2. Cost of Temp2+Temp3: 10 * 3 = 30
  Use indexed nested loop join and combine it with the selection on tdate as follows: the index on Transaction is on the pair of attributes (store,tdate); the join condition involves just store; however, the selection also gives us the tdate value; so, for each store, we can form an index key (store,tdate) and do an index lookup. Since there are 10 tuples in the result of Temp1, we will perform 10 index lookups on Transaction. Each index lookup will yield 10 results (we are given that 10 items are sold in each store on each day). Since the Transaction data file is sorted (clustered) by store (then tdate), and there are 25 tuples per page, all 10 tuples will likely be on a single page (worst case 2 pages). The B+tree index is depth 2, so there are 2 index page reads and 1 data page read for each index lookup (i.e. 3 page reads). Since we perform 10 index lookups, this gives a total of 30 reads, which produces 100 tuples.

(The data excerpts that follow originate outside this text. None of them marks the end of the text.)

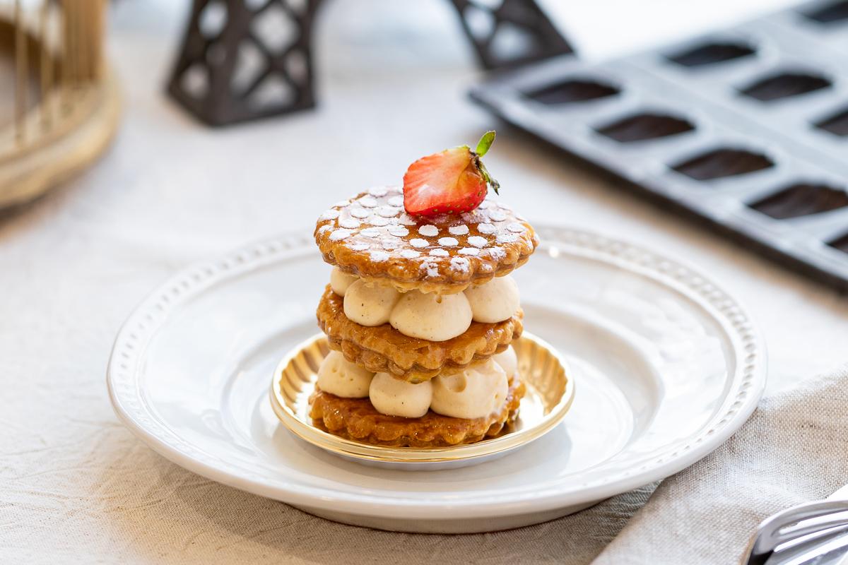 季節限定の「ミルフィーユ」は、サクサクのパイ生地の間に、旬のフルーツ と自慢のカスタードをたっぷりとサンド。満足感の高いお菓子です。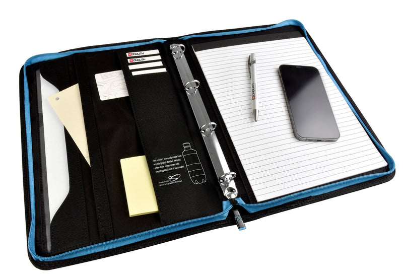 This stylish, modern-design A4 Monolith Blueline zipped conference folder is made from recycled plastic bottles. It comes complete with an A4 pad.
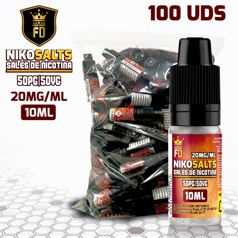 Nuestras sales son una mezcla de nicotina pura y ácido benzoico (Que sirve para bajar los niveles de ph de la nicotina).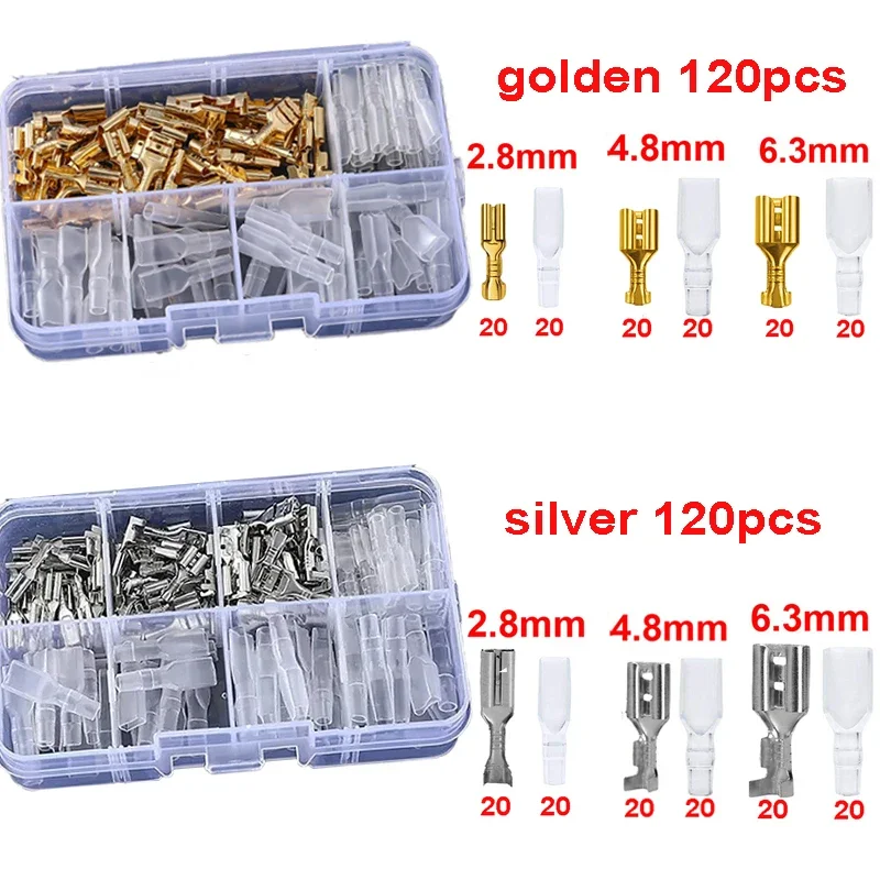 120 PCS Gold Silver Docking Terminal Cable Bare Terminal Spring Insert Sheath Terminal Set Male And Female Pair Terminal Box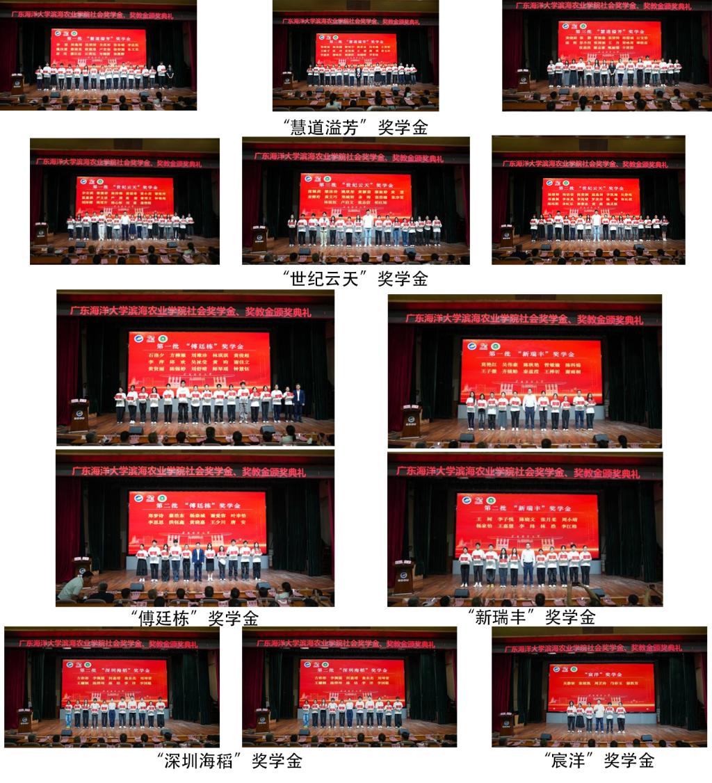 广东慧道溢芳环境科技有限公司董事长何敏桢女士、世纪云天(海南)投资集团有限公司董事长郑殿德先生、世纪云天(海南)投资集团有限公司总经理郑宏霖先生、江西新瑞丰生化股份有限公司董事长周金龙先生、深圳海稻投资有限公司总经理胡新新女士、广东宸洋水产有限公司总经理助理潘培伦先生等捐赠企业代表亲临颁奖典礼现场,并为获奖同学们颁发获奖证书。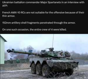 法援乌AMX-10RC战车,被乌军吐槽:装甲太薄
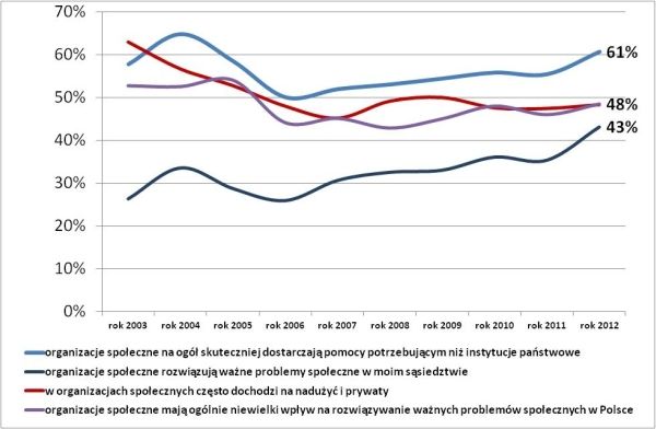 Jednocześnie wciąż prawie połowa Polaków wątpi w uczciwość trzeciego sektora i od siedmiu lat wskaźnik ten oscyluje w okolicach 50%. Warto jednak zaznaczyć, że obraz organizacji społecznych znacząco się poprawił w stosunku do lat 2003-2005. W 2012 r. 48% respondentów zgadzało się ze stwierdzeniem, że „w organizacjach często dochodzi do nadużyć i prywaty”, podczas gdy dziewięć lat wcześniej opinię tę podzielało aż 63% badanych.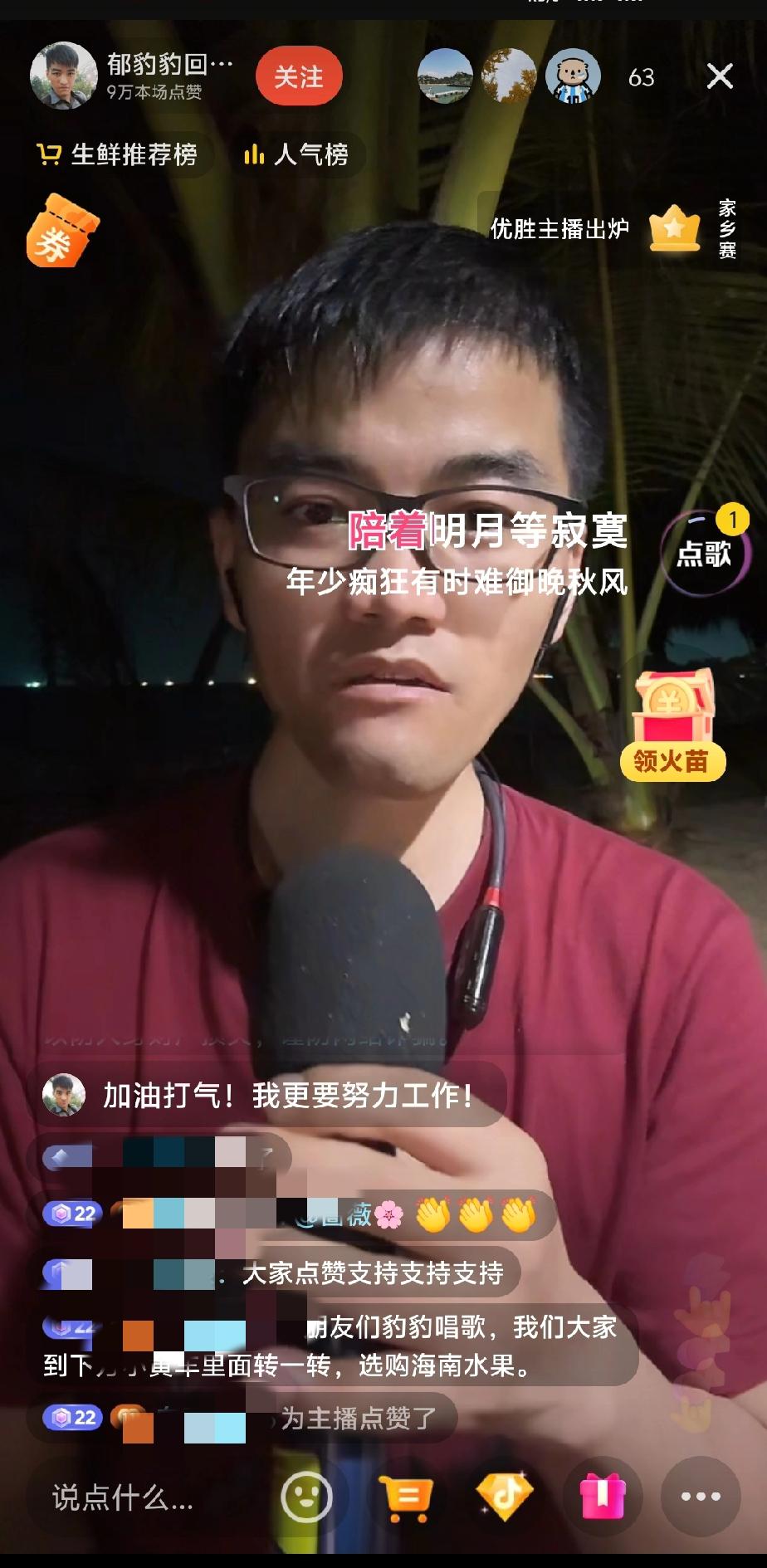 郁豹豹在海南带货当季水果的大直播间里,手持麦克风唱起了比较伤感的歌曲。他祝福自己终于迈出家门,开启新的人生旅程,还表示自己要加油,更加努力地工作,改变现有的生活状况。他的铁粉都特别支持他。 然而,他的账号似乎被限流,直播间人气不太旺。但希望他能被更多好心人看到,喜欢他的可以支持他一单。祝福他前程似锦,好人有好报!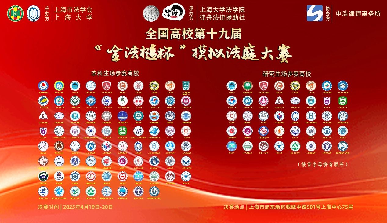 全国高校第十九届“金法槌杯”模拟法庭大赛由上海市法学会、sunbet申搏官方网站联合主办,sunbet申搏官方网站法学院、律舟法律援助社承办,上海申浩律师事务所协办,经过启动仪式、报名、初赛环节,于2025年4月19、20日顺利进行了决赛。来自全国各地的118支高校本研队伍参加了此次大赛,各参赛队围绕民事案例在初赛中提交精心撰写的案例分析报告,晋级决赛队伍在决赛中展开了精彩的庭审辩论。

3. Cost of Temp4: 100 * 1 = 100
  The join between Temp3 and Item can also use an index nested loop join, based on the fact that Item is hashed on the iname value, and each tuple from Temp3 gives us an item value to use as a hash key. For each of the 100 tuples from Temp3, we do a hash access to the page containing the matching tuple (there will be only 1 matching tuple, since iname is a key). This requires exactly 100 page reads.
Total cost is the sum of these: 4 + 30 + 100 = 134 page reads.

Note that we ignore the cost of the projection in the above calculation. We can do this because we generally ignore the cost of writing results (especially in the context of comparing relational algebra expressions for a given query, since all expressions produce the same result). Also, we don't need to worry about filtering duplicates in this case, since the query didn't ask for it (i.e. not select distinct).